Ice-cold steel balls create new kind of ice

Water is known to be a mysterious substance with partly idiosyncratic properties. Amorphous ice cream medium density adds one more.

Water has many unique properties. The most striking: unlike other substances, solid water – i.e. ice – is less dense than liquid and therefore floats up on the water. Ice, on the other hand, exists in numerous different forms, all of which have not yet been fully researched. A team led by Christoph Salzmann from University College London is now adding another type of ice to these, as described in "Science": medium-density amoprhous ice (MDA) in contrast to amorphous ice with high or low density.
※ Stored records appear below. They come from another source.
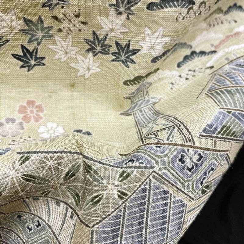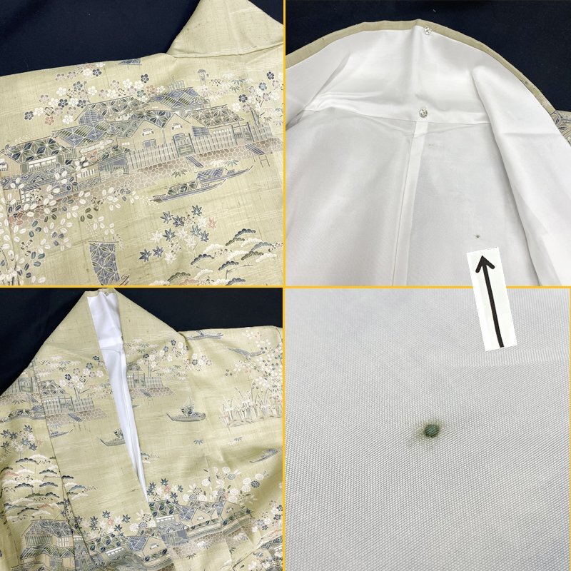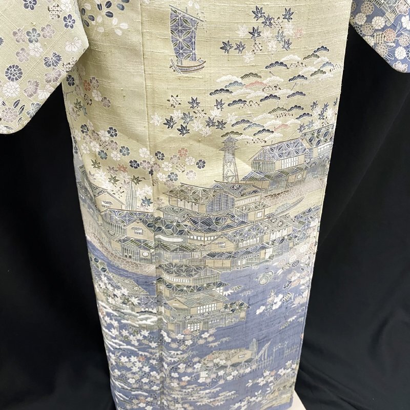| ●しょうざん 生紬 訪問着 苗色 茶屋辻文様 鳥瞰図 袷仕立て●美品 (No.eid) 絹らしからぬざっくりとした風合いが素敵な「しょうざん」生紬の訪問着です。柔らかな苗色(淡い黄緑色)の節のある地には、小船や屋形船が行きかう美しい港町に、楓、萩、松、唐花など細かな植物がございます。袖や裾には少し灰がかった青の暈しがあり、着物を開いても見事。シックなデザインと軽やかな着心地が魅力の生紬です。(画像の帯502mn64や小物は参考商品で、本品には含まれません)。 趣味性を極めたしょうざんの生紬は、おしゃれな着物愛好家に愛される味のあるお着物です。柔らか物とは一味違うお着物をお求めの方にオススメのおしゃれな着物です。 胴裏、スナップボタンによる錆汚れございますが、表地には影響ありません。その他には特筆すべきダメージなどない美品です。 【表地素材】正絹 【色】苗色 *モニターによって色味は実際と異なる場合がございます。 【サイズ】裄:63.1cm、丈(肩から):162.4cm、袖幅:32.4cm、袖丈:49.5cm、前幅:24.7cm、後幅:28.8cm、裄の縫込み 身頃側:3.5cm、お袖側:2.3cm、内揚げ幅:3.7cm *素人採寸のため、多少の誤差はご容赦ください。 上質な逸品ですので、いかがでしょうか?よいお品物でお勧めです^^ | |
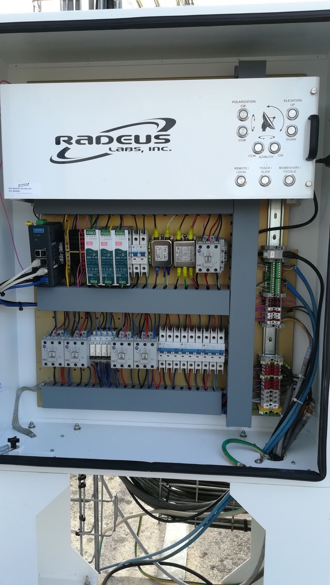 We have just finished the installation and configuration of a new 8200 Antenna Controller Unit in replacement of a VERTEX 7200 on a C band 2.4 meters antenna. We have installed and configured the full system including the indoor Rack Controller and the Outdoor Drive Cabinet. This is the 4th system installed on this teleport and its just the beginning !!! System designed and built by RADEUS Labs
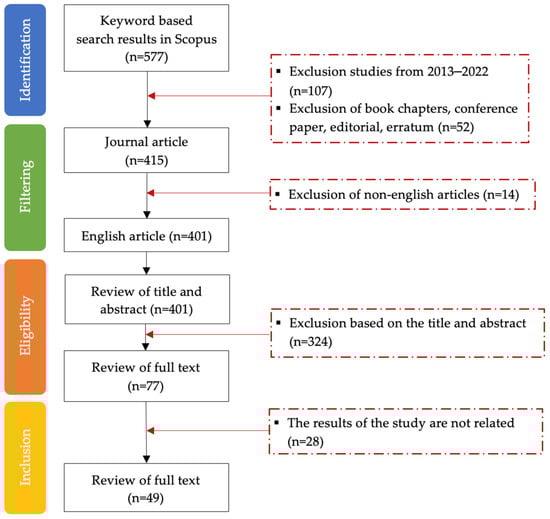 - Inclusion criteria: Study period between 2013 and 2022; studies in the final publication phase; publications in the English language; document types: article and review
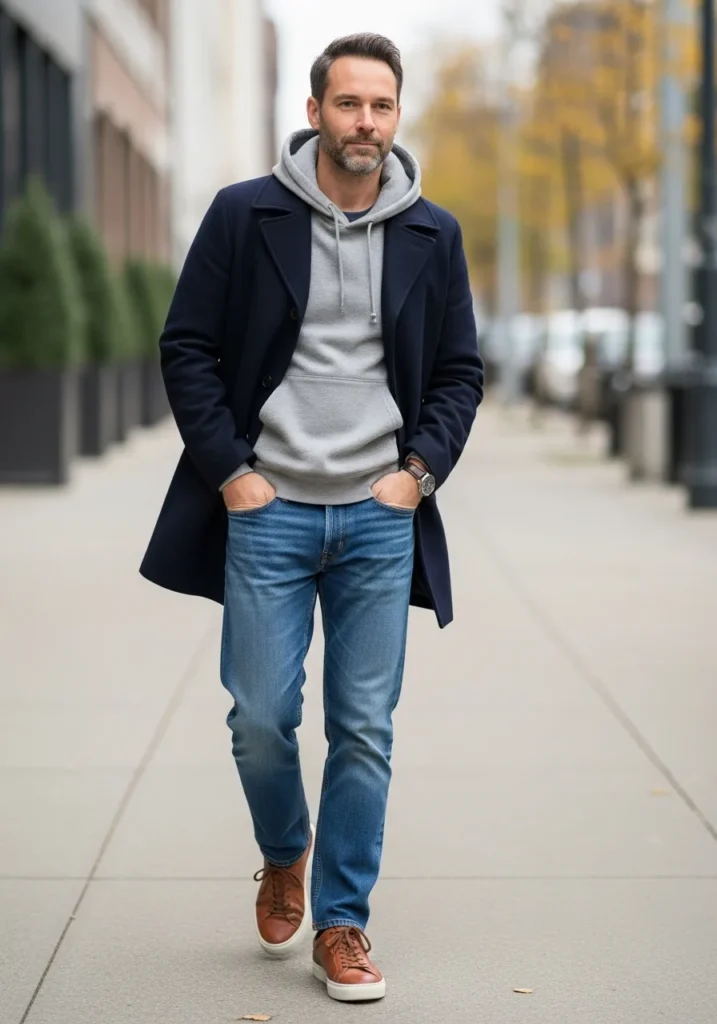 This outfit layers a hoodie under a tailored casual coat, paired with jeans and leather shoes. The mix of relaxed and structured pieces creates a balanced fall look.
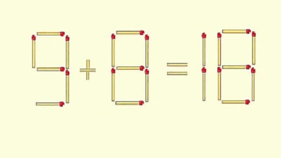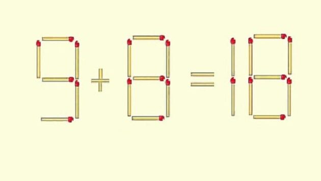 Перед вами задача: дано равенство 9 + 8 = 18 с ошибкой. Чтобы решить головоломку, вам нужно сдвинуть с места всего одну спичку. Тогда получите верное уравнение.

»We know 20 crystalline shapes of ice, but only two main types of amorphemal ice have been discovered so far: amorphous ice cream with high and low density. In between there is a huge poetry, and the common opinion was that there is no ice within these sealing migration, «says Salzmann. For its experiment, the Working Group Crystallines had put steel balls cooled to minus 200 degrees Celsius in a kind of shaking machine that not only dismantled the ice with the original hexagonal crystal structure, but even shaped.

Instead of the expected white powder in the usual form, the process produced the MDA, which had the same density as liquid water. So it could be water that behaves like a glass, which continues to behave like a liquid even at extremely low temperatures. Over short periods of time it appears solid like a glass, but over very long scales it flows like a highly viscous liquid.
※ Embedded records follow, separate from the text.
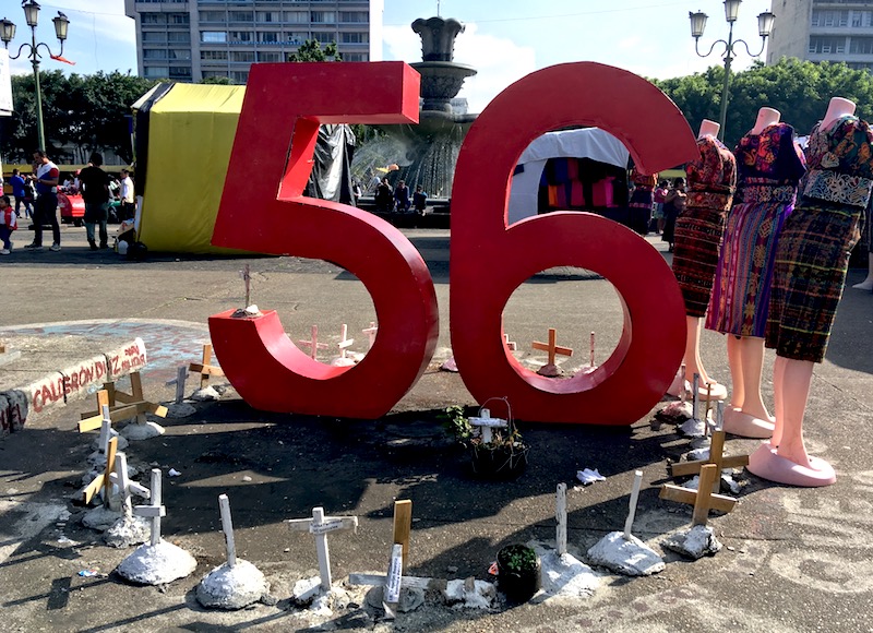 At the time of my visit, at the footsteps of the palace (just beyond the textile tents) stood a large red monument — the number 56 — surrounded by crosses, plants and spray-painted messages. It was a tribute to the 56 girls impacted by the tragic shelter fire, 41 of whom were killed while the rest were seriously injured. It was the disaster that Estefani, who spoke with me earlier in the week, survived, and the disaster that brought Guatemala’s femicide crisis back to the forefront of political discussion through a campaign called Nos Duelen 56. According to Guatemala’s Public Ministry, 415,514 criminal cases of violence against women were registered between January 2009 and April 2017, and in 2016, 67,073 legal complaints were registered — an increase of 236 per cent from 2009. Between April 2014 and April 2017, the ministry reports, at least 897 women were murdered.
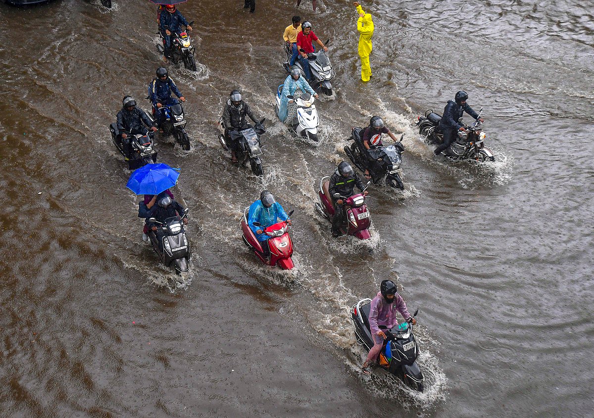 மும்பையில் பெய்த கனமழை தொடர்ந்து தண்ணீர் தேங்கிய சாலையில் ஊர்ந்து செல்லும் இருசக்கர வாகனங்கள்.
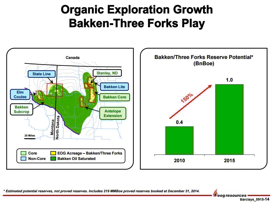 As the slide below shows, EOG Resources has increased its estimate for oil and gas reserve potential from its acreage in the Bakken-Three Forks play from 400 million BOE to 1 billion BOE over the past five years.
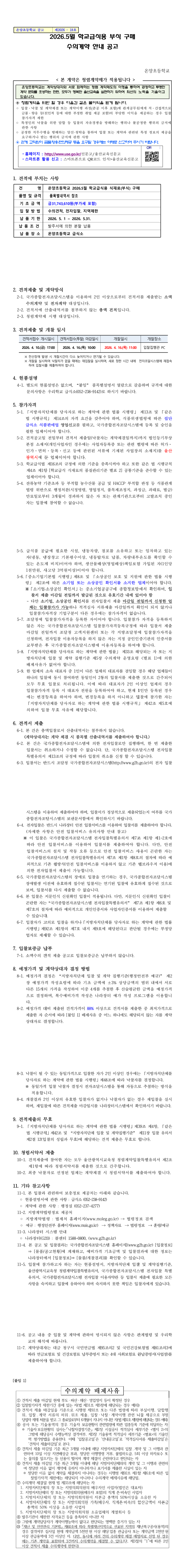2026년 5월 학교급식용 부식 구매 소액수의 안내공고 |
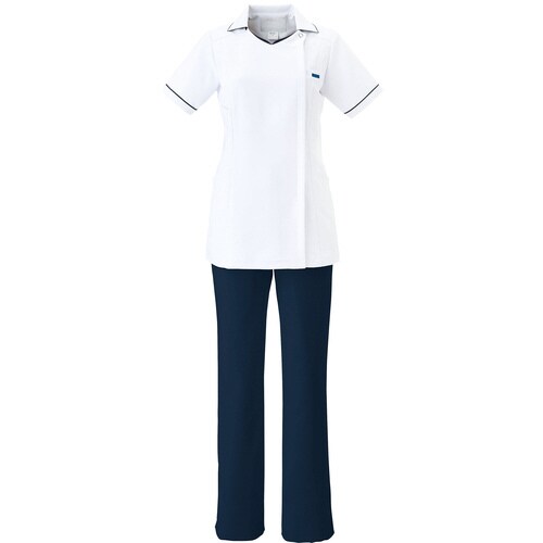 インナーがひびきにくい、高い防透性と、ほどよい伸縮性を兼ね備えた素材で作られた脇ゴム仕様の女性用ストレートパンツ。白衣でもチュニックでもスクラブでもコーディネートできる人気のあるパンツの一つです。 |

The density difference between the previously known amorphous ice bodies has caused scientists to assume that water actually exists as two liquids at very cold temperatures: at a certain temperature, both liquids could exist side by side, one species float - similar to a mixture of oil and water. This hypothesis was demonstrated in a computer simulation, but was not confirmed by experiments. Your new study now raises questions whether this hypothesis is sustainable at all, the researchers said.
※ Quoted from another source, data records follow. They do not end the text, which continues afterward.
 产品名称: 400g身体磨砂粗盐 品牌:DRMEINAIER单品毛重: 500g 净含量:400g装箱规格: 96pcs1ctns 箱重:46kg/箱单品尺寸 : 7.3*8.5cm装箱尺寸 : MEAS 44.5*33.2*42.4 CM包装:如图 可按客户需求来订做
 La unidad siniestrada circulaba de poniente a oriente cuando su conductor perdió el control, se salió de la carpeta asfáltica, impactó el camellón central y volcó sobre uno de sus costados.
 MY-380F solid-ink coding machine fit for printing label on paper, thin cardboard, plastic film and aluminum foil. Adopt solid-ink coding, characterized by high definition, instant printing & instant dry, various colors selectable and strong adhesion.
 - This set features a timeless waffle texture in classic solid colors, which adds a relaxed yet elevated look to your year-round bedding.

On Earth, amorphous ice is extremely rare or, of course, does not exist at all. But there could well be MDA on the icy moons of Saturn and Jupiter, Salzmann and Co. speculate. The tidal forces of the two gas giants can exert similar shear forces on ordinary ice as the steel balls in the experiment. If MDA is heated and allowed to crystallize again, it also releases a lot of thermal energy. Transferred to an ice moon like Ganymede, tectonic movements and "ice tremors" might be triggered in its kilometer-thick ice layers, which could be detected by satellites.

Sosyal Medya'da Paylaş

Çerezler (cookie), everyg web sitesini ve hizmetlerimizi daha etkin bir şekilde sunmamızı sağlamaktadır. Çerezlerle ilgili detaylı bilgi için Gizlilik Politikamızı ziyaret edebilirsiniz.
Daha Fazla Bilgi
 
Bu web sitesi KUSsoft® E-Ticaret Çözümleri kullanıyor.